[Records from a data source]

□ □ □ □ □

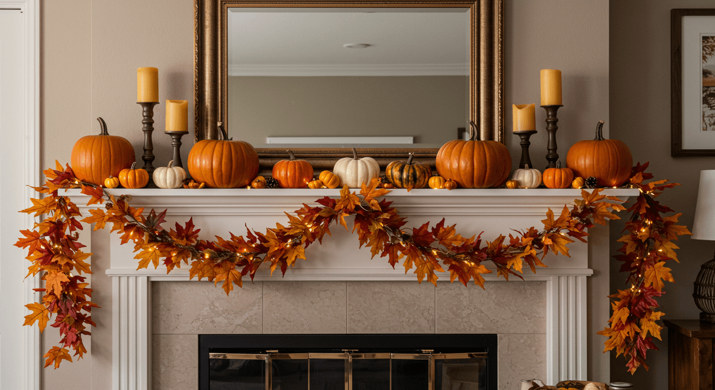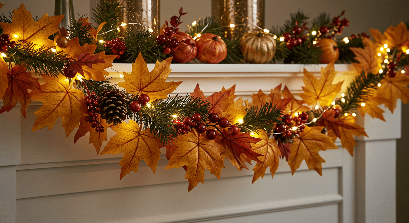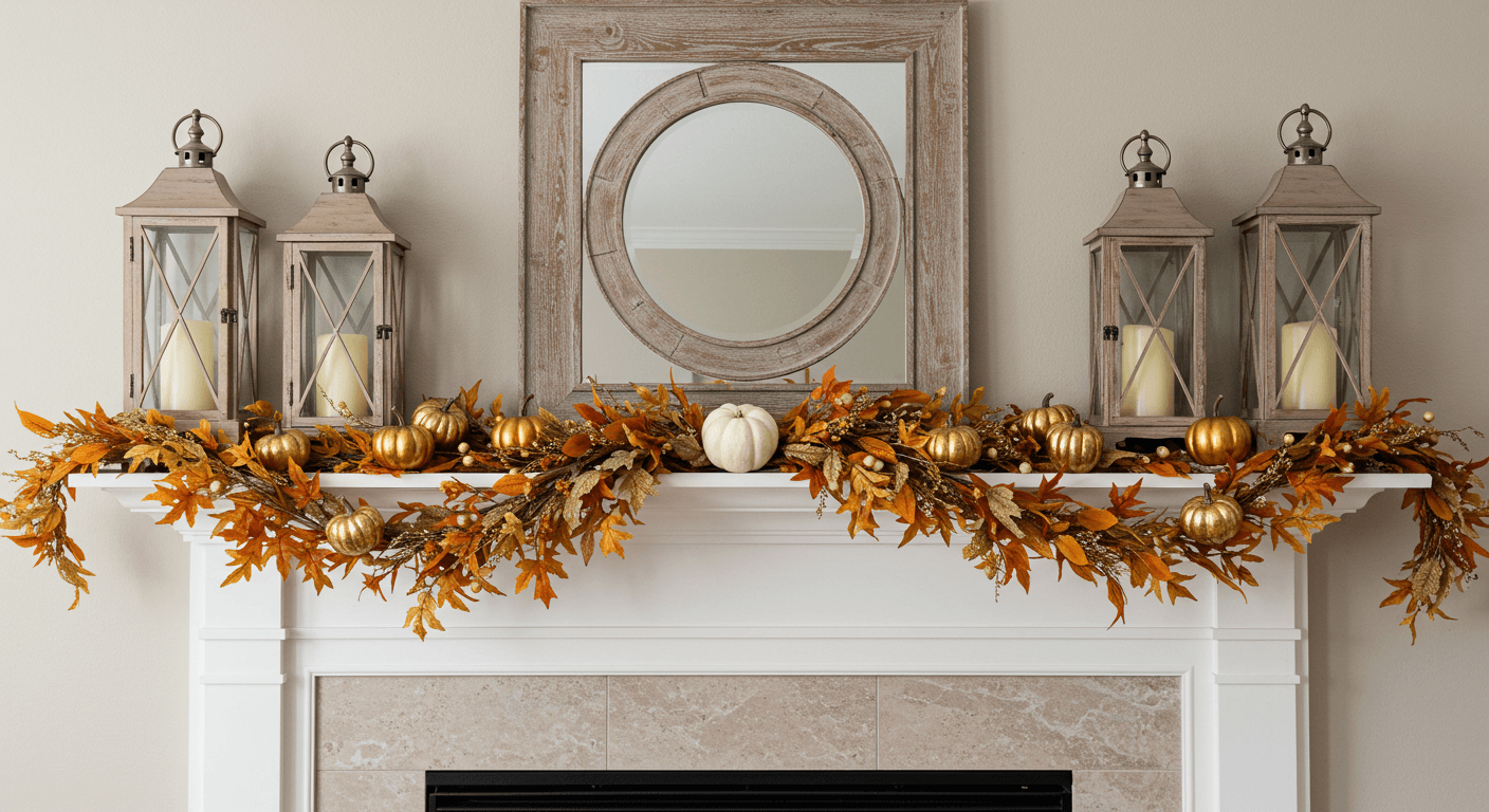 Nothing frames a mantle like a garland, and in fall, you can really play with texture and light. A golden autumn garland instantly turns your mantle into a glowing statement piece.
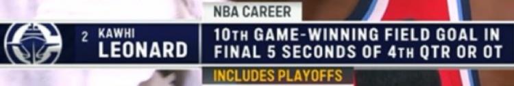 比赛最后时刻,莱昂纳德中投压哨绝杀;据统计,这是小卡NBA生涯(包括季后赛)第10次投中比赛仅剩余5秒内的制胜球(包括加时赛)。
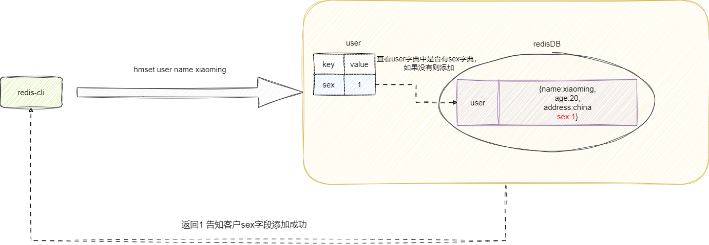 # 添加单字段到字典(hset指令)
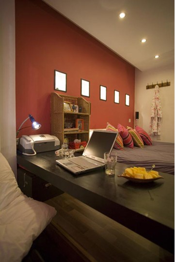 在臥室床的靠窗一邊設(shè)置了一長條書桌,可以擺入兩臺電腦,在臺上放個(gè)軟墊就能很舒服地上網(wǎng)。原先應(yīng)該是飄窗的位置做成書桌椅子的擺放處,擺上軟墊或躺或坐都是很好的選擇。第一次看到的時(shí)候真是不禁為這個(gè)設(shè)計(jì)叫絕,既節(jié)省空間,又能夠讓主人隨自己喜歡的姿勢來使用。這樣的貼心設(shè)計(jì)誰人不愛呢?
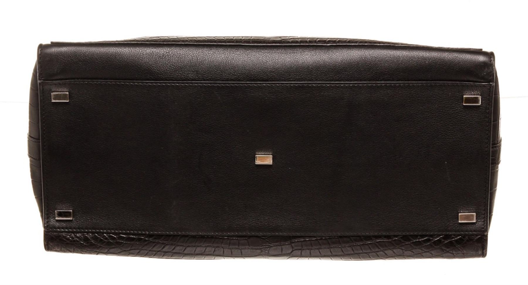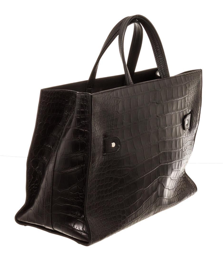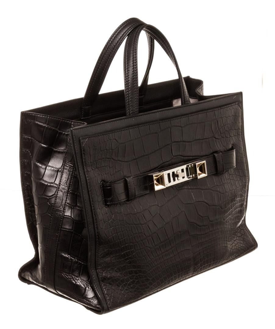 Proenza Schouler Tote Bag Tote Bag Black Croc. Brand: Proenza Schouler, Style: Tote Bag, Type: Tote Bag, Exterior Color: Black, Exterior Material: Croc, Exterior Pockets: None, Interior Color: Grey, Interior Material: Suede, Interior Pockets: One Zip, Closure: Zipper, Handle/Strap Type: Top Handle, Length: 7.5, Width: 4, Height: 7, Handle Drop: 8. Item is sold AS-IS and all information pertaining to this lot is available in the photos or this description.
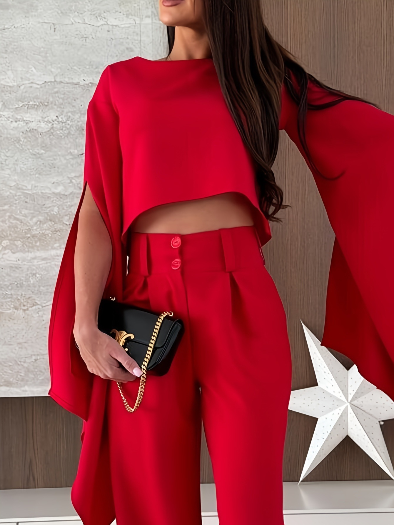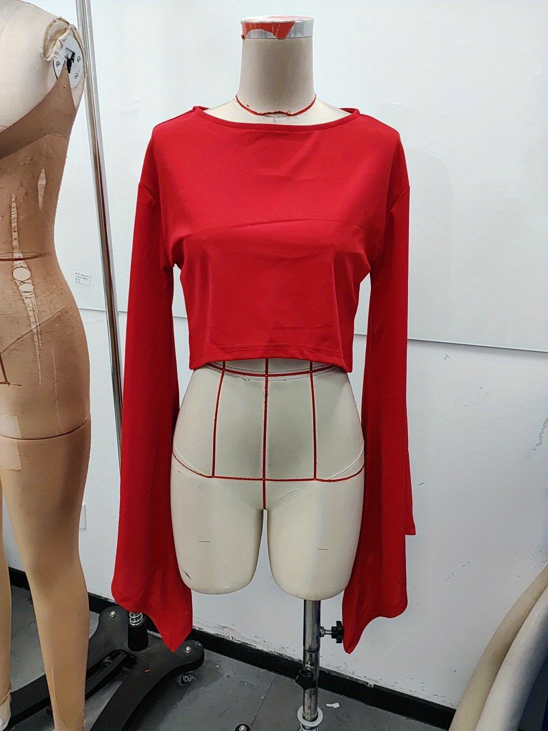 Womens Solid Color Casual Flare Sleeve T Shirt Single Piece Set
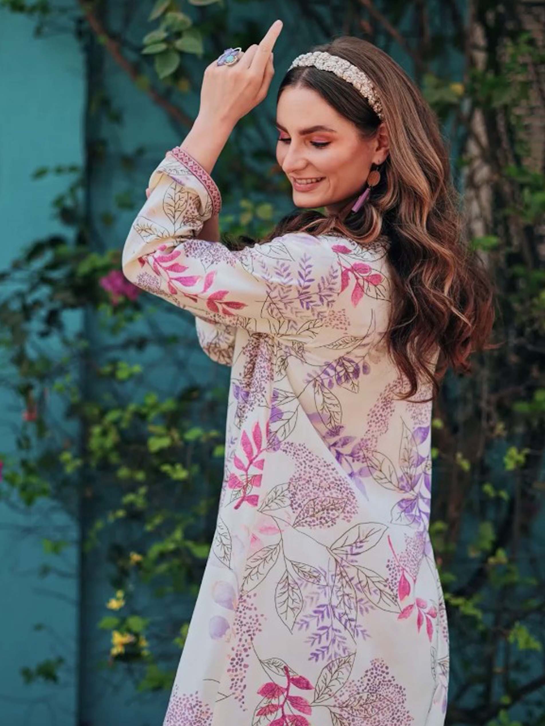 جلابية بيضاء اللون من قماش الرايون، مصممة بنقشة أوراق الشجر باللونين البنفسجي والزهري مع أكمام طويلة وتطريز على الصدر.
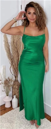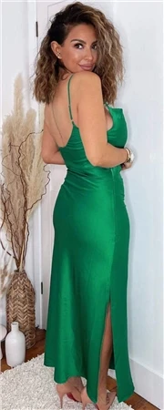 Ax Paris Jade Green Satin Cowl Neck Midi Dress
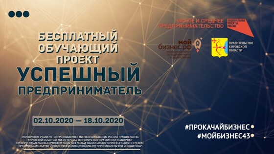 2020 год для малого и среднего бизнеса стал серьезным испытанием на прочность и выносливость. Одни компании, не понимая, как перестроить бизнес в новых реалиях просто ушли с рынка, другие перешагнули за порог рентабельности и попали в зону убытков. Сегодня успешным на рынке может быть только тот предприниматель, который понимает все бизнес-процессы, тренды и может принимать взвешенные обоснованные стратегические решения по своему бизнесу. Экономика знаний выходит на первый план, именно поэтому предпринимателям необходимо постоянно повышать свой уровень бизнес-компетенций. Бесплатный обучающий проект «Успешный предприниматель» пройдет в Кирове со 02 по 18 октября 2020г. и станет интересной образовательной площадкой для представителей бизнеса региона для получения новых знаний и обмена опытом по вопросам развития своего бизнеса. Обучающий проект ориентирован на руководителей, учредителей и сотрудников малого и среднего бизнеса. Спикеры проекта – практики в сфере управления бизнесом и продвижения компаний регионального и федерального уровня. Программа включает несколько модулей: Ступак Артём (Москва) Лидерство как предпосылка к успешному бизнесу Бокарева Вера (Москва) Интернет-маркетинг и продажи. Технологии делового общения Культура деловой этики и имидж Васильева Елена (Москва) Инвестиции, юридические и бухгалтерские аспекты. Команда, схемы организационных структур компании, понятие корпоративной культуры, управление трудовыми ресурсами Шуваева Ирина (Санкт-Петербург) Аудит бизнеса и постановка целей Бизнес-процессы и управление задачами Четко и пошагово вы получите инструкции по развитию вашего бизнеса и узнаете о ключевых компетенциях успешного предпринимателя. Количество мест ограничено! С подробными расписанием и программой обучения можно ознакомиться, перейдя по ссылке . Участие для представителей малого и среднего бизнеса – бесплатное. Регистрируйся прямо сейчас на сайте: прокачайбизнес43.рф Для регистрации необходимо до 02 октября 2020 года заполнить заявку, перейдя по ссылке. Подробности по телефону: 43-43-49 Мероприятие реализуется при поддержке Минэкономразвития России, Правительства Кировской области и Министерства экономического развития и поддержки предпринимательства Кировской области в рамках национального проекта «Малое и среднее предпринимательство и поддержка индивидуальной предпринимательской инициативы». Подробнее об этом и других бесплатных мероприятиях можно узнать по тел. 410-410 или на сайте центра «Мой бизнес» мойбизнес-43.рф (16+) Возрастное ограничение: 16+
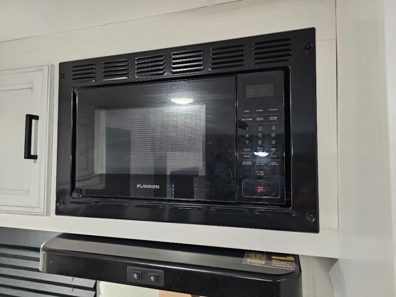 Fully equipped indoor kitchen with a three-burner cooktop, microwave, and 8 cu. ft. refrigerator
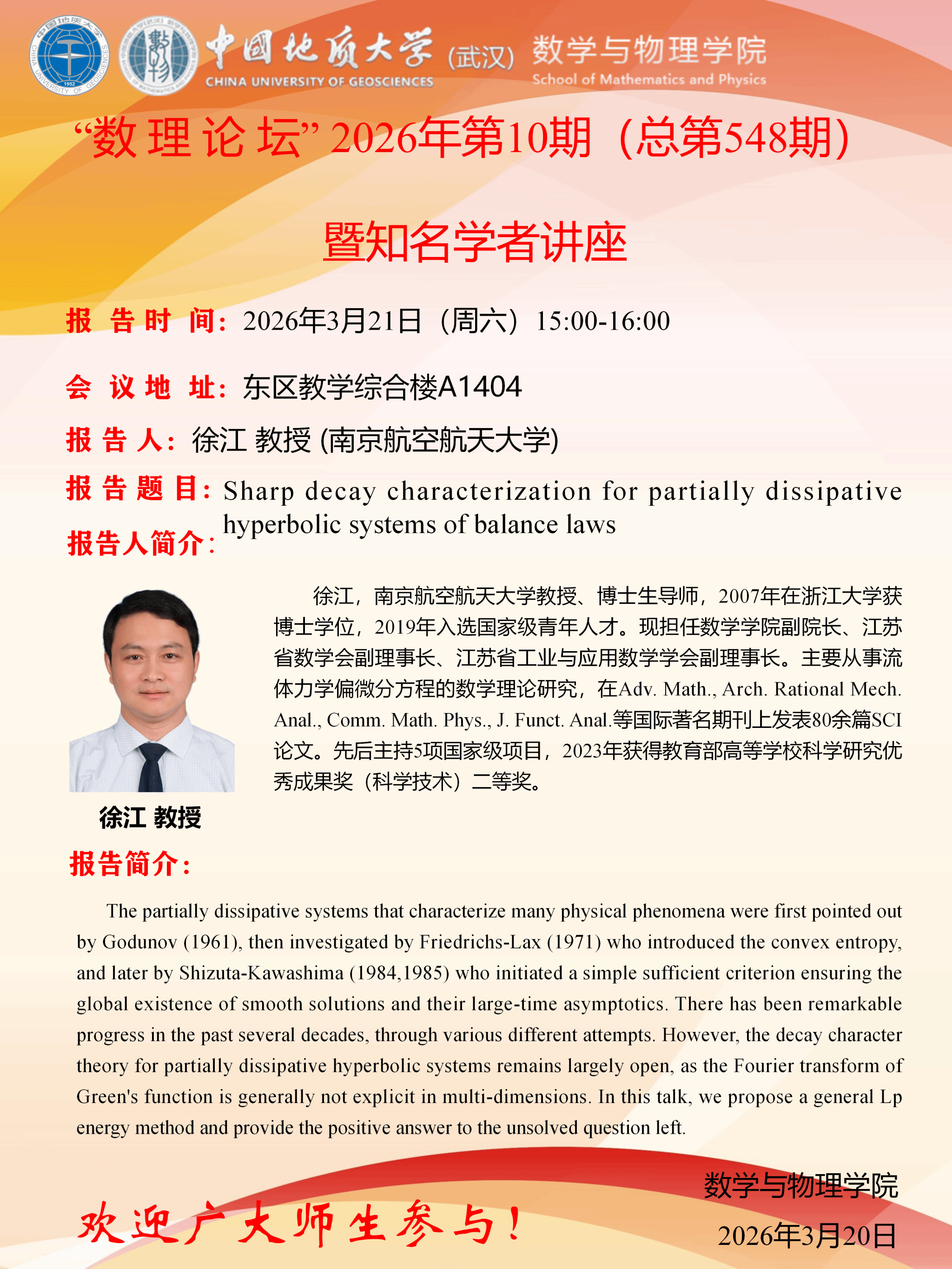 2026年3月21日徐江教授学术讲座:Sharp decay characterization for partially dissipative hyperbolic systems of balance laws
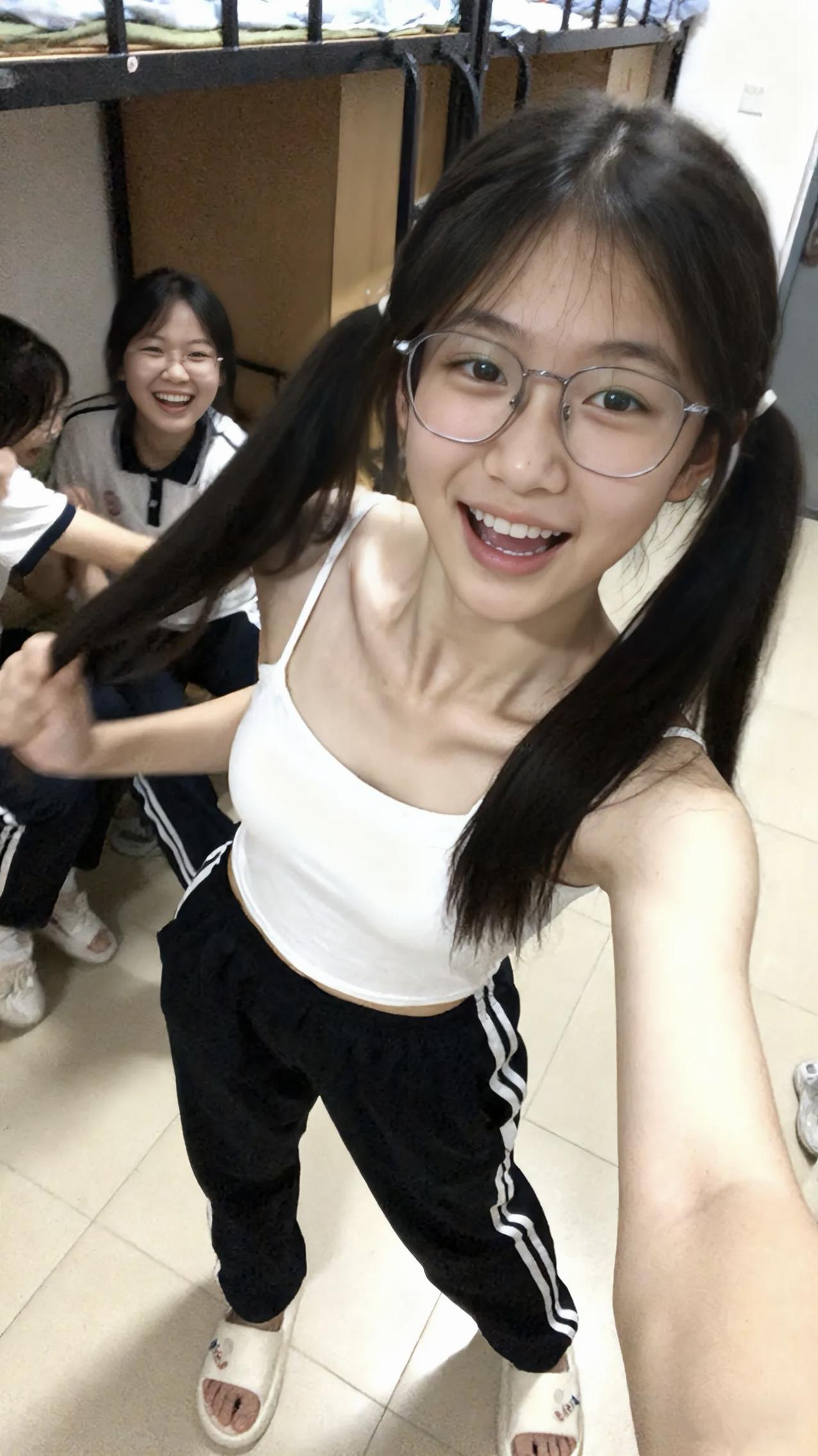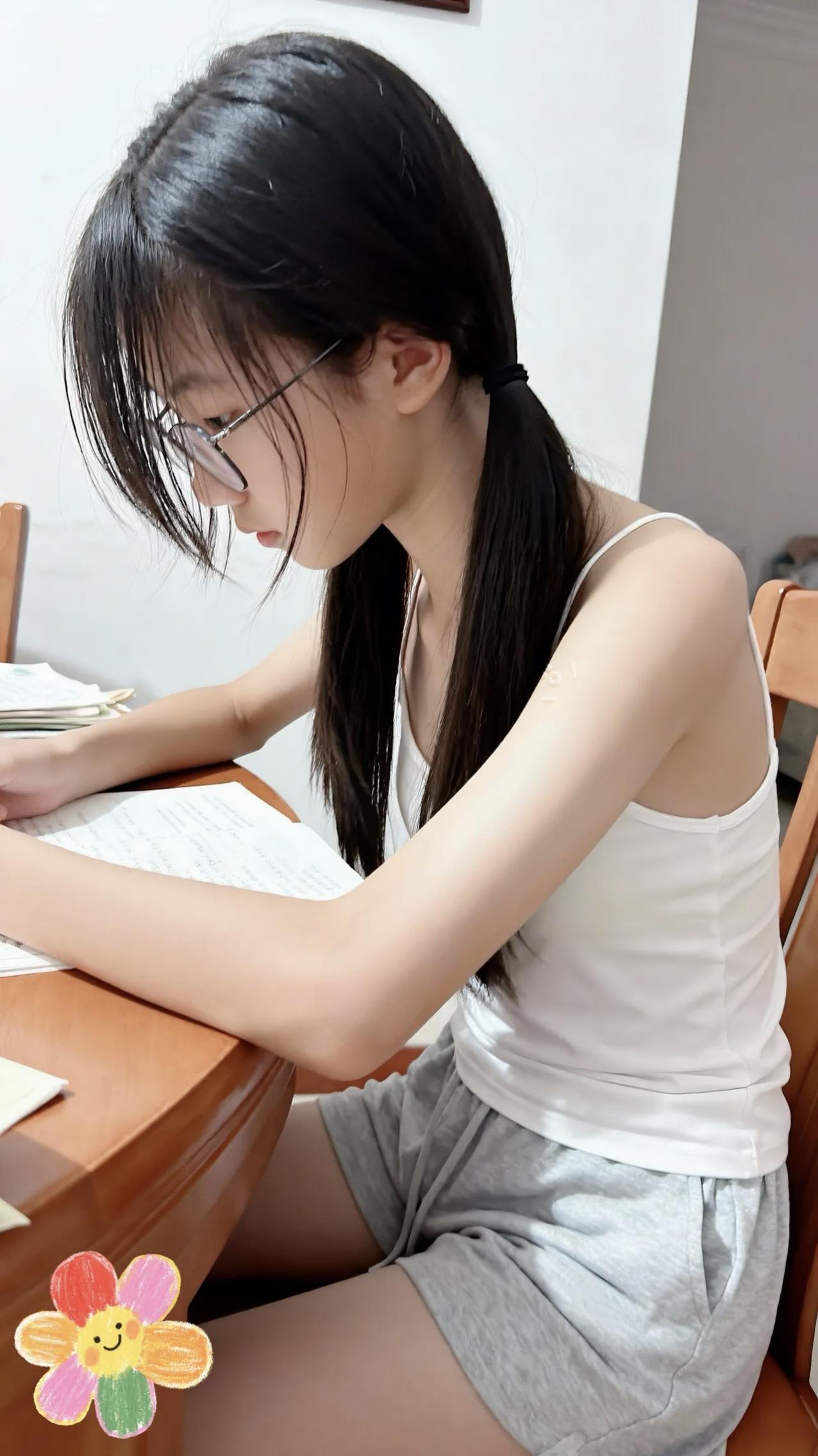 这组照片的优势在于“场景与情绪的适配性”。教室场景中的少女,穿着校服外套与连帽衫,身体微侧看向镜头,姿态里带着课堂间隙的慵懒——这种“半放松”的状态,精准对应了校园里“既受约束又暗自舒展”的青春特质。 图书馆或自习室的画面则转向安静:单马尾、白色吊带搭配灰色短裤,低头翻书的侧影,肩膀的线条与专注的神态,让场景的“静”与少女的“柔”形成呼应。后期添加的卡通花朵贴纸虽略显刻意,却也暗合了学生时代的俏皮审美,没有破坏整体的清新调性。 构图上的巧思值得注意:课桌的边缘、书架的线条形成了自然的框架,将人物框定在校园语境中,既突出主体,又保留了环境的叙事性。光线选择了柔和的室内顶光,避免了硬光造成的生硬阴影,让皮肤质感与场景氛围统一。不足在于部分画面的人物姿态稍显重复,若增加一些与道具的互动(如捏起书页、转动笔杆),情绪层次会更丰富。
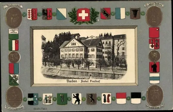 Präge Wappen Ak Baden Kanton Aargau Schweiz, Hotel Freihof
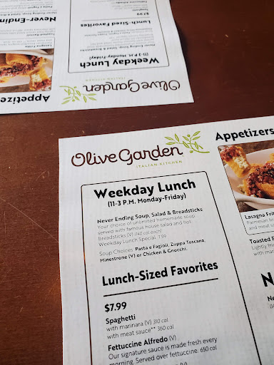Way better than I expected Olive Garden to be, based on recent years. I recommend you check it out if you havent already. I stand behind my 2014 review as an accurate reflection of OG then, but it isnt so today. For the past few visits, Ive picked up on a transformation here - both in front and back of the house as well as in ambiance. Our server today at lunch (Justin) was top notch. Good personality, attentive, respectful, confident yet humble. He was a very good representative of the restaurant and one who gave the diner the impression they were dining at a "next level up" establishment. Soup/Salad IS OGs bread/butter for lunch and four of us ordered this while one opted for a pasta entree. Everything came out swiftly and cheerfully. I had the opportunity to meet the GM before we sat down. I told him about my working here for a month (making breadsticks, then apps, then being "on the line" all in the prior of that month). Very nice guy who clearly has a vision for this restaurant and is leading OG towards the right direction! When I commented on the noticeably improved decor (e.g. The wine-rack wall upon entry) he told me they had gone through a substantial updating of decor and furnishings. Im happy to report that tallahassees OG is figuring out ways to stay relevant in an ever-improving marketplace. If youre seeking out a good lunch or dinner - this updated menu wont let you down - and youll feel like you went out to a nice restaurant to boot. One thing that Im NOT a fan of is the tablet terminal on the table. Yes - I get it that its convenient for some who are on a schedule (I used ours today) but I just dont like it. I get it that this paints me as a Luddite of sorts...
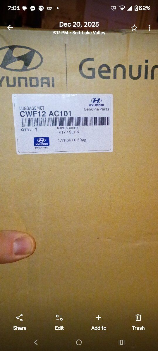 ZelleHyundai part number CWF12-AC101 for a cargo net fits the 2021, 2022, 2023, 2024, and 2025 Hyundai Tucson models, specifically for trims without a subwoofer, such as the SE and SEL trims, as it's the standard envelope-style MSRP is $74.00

□ □ □ □ □

[EXERCISE GOAL]
The stretch to restate runs from the line above containing "Fully equipped indoor" through the line containing "2026年3月21日徐江教授学术讲座:Sharp decay characterization for". Copy it word for word, ends included, without pictures.

[RESULT OF THIS TASK]
 Fully equipped indoor kitchen with a three-burner cooktop, microwave, and 8 cu. ft. refrigerator
 2026年3月21日徐江教授学术讲座:Sharp decay characterization for partially dissipative hyperbolic systems of balance laws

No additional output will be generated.